_The data_

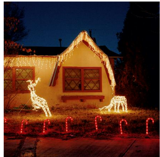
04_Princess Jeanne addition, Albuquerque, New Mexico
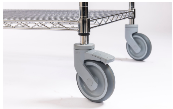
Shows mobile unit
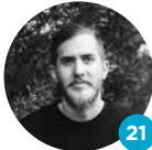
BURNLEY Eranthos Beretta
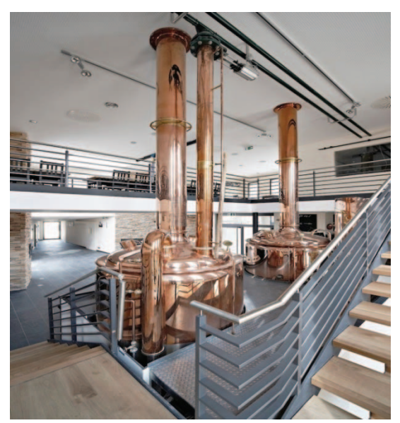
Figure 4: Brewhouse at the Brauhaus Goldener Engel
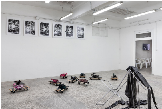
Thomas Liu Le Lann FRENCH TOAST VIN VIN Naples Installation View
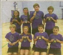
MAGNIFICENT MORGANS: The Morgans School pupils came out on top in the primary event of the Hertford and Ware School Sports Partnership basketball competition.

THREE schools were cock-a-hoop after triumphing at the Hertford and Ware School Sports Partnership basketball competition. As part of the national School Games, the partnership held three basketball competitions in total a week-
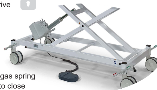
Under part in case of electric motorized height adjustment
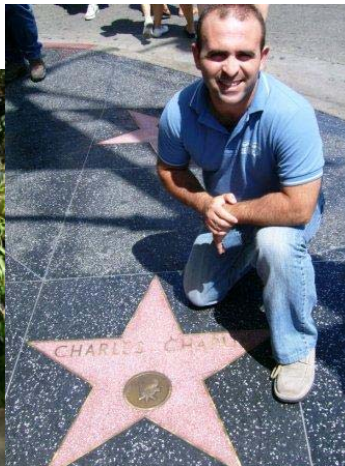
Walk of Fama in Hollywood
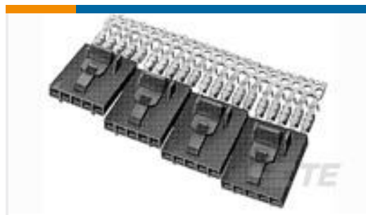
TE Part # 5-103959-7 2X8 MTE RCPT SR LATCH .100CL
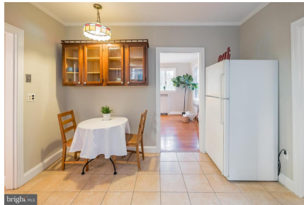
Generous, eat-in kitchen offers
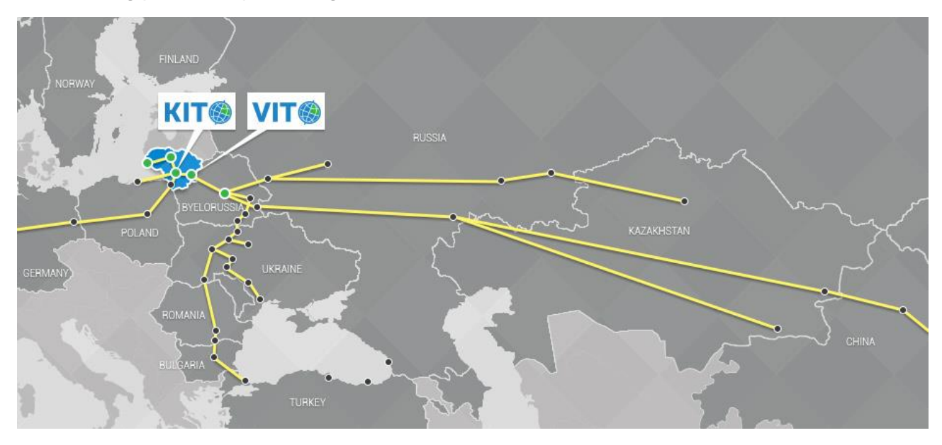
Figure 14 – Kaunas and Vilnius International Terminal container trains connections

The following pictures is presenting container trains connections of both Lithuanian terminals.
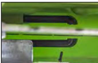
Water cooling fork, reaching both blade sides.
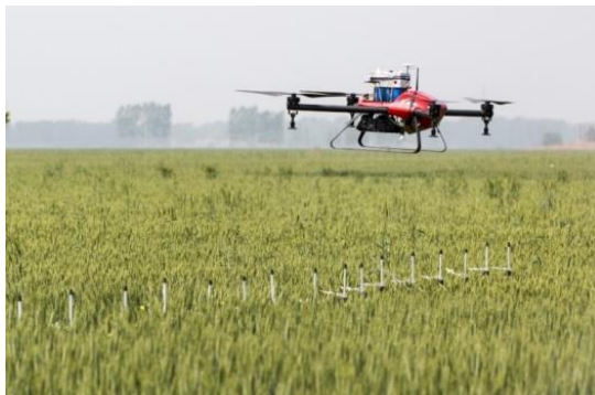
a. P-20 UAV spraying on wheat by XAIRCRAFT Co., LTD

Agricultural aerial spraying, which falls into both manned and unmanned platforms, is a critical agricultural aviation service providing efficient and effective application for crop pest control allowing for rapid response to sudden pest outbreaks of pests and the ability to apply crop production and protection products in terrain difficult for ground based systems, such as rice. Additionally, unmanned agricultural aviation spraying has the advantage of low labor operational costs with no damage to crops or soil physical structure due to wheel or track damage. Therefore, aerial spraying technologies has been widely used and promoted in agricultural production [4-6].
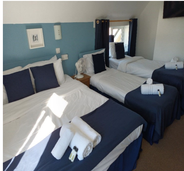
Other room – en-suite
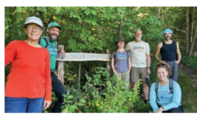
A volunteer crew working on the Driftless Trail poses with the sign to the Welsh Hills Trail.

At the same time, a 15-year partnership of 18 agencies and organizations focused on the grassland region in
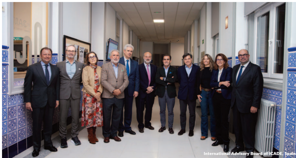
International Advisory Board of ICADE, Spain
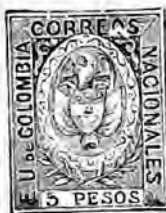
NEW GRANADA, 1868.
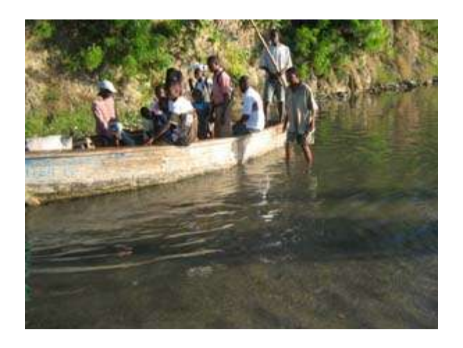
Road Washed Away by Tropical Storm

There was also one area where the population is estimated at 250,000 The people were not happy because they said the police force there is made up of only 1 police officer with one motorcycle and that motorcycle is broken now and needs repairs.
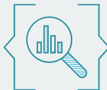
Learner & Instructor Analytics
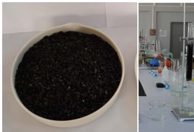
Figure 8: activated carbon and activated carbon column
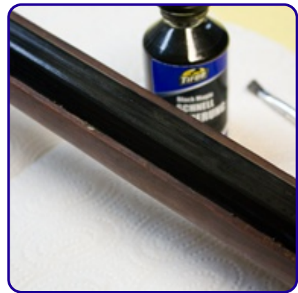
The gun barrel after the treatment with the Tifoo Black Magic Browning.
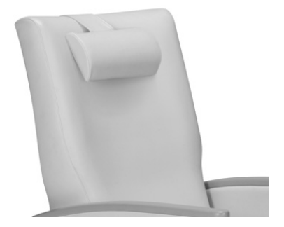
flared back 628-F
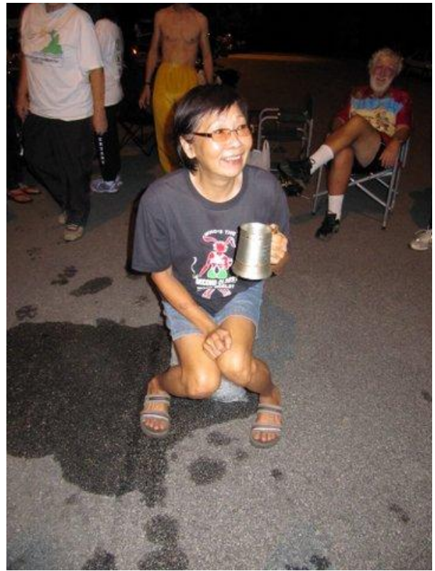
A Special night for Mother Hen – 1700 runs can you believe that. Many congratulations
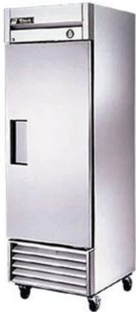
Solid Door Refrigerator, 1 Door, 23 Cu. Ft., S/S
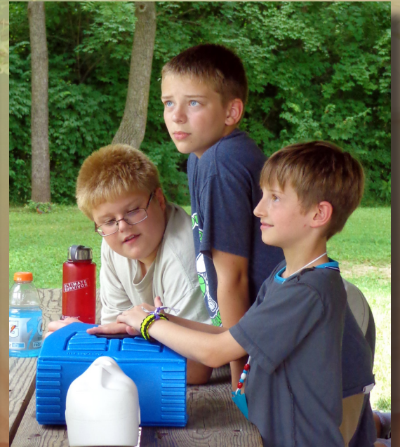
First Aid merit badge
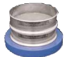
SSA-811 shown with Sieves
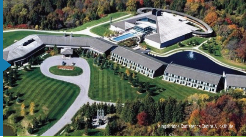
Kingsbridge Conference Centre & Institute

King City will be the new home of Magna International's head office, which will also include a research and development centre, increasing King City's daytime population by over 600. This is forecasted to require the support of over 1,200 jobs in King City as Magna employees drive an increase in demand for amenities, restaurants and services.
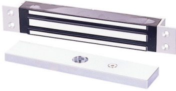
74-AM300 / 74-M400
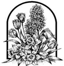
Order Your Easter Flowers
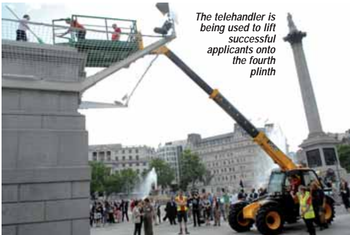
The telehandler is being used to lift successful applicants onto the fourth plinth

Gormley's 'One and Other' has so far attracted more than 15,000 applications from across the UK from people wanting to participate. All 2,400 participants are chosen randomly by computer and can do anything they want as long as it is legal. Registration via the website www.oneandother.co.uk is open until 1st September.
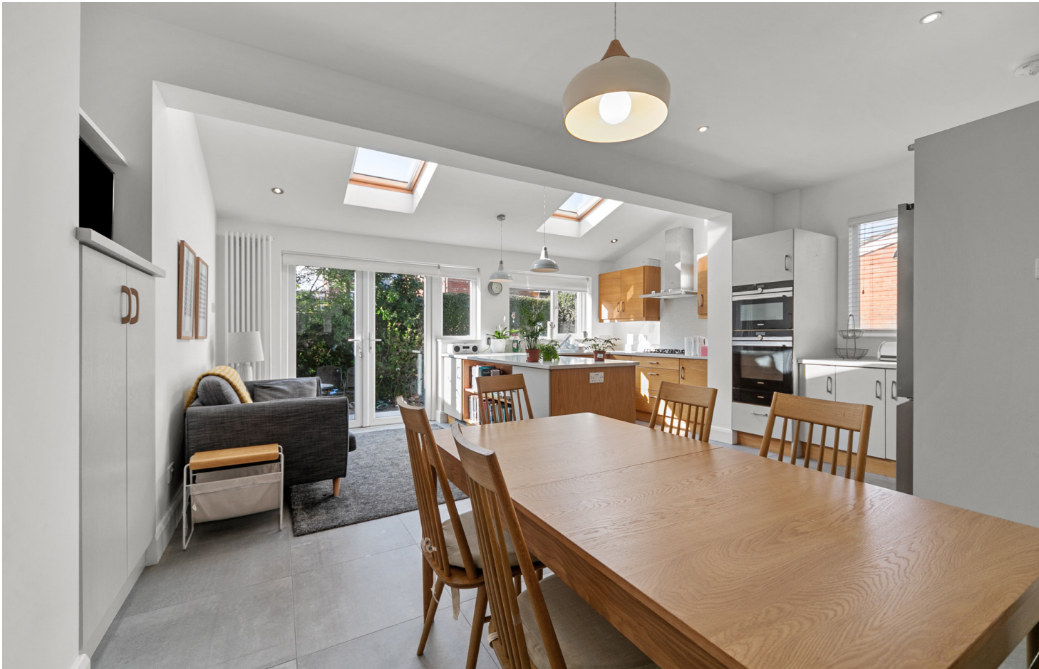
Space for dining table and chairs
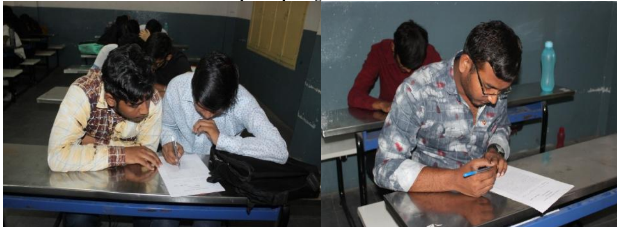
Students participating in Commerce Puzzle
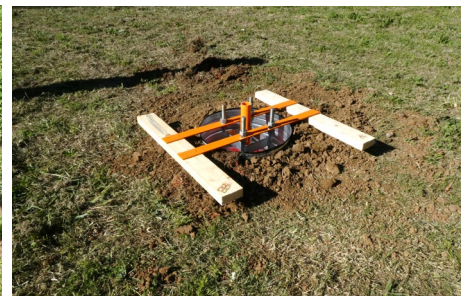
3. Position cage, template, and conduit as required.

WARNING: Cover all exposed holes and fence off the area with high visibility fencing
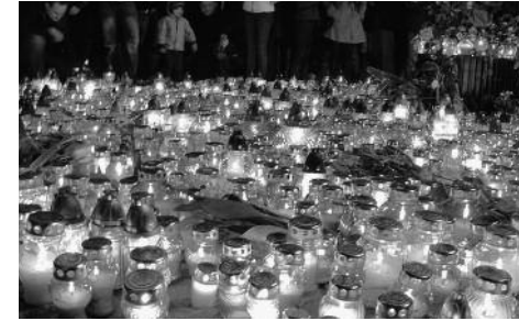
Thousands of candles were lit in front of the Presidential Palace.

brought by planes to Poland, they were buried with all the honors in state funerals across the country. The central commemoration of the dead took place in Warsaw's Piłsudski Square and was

_Exercise directions_
Your task is to reproduce exactly the lines from the one with "The gun barrel" to the end of the material, both included, with the pictures left out.

_Output of the task_
The gun barrel after the treatment with the Tifoo Black Magic Browning.
flared back 628-F
A Special night for Mother Hen – 1700 runs can you believe that. Many congratulations
Solid Door Refrigerator, 1 Door, 23 Cu. Ft., S/S
First Aid merit badge
SSA-811 shown with Sieves
Kingsbridge Conference Centre & Institute

King City will be the new home of Magna International's head office, which will also include a research and development centre, increasing King City's daytime population by over 600. This is forecasted to require the support of over 1,200 jobs in King City as Magna employees drive an increase in demand for amenities, restaurants and services.
74-AM300 / 74-M400
Order Your Easter Flowers
The telehandler is being used to lift successful applicants onto the fourth plinth

Gormley's 'One and Other' has so far attracted more than 15,000 applications from across the UK from people wanting to participate. All 2,400 participants are chosen randomly by computer and can do anything they want as long as it is legal. Registration via the website www.oneandother.co.uk is open until 1st September.
Space for dining table and chairs
Students participating in Commerce Puzzle
3. Position cage, template, and conduit as required.

WARNING: Cover all exposed holes and fence off the area with high visibility fencing
Thousands of candles were lit in front of the Presidential Palace.

brought by planes to Poland, they were buried with all the honors in state funerals across the country. The central commemoration of the dead took place in Warsaw's Piłsudski Square and was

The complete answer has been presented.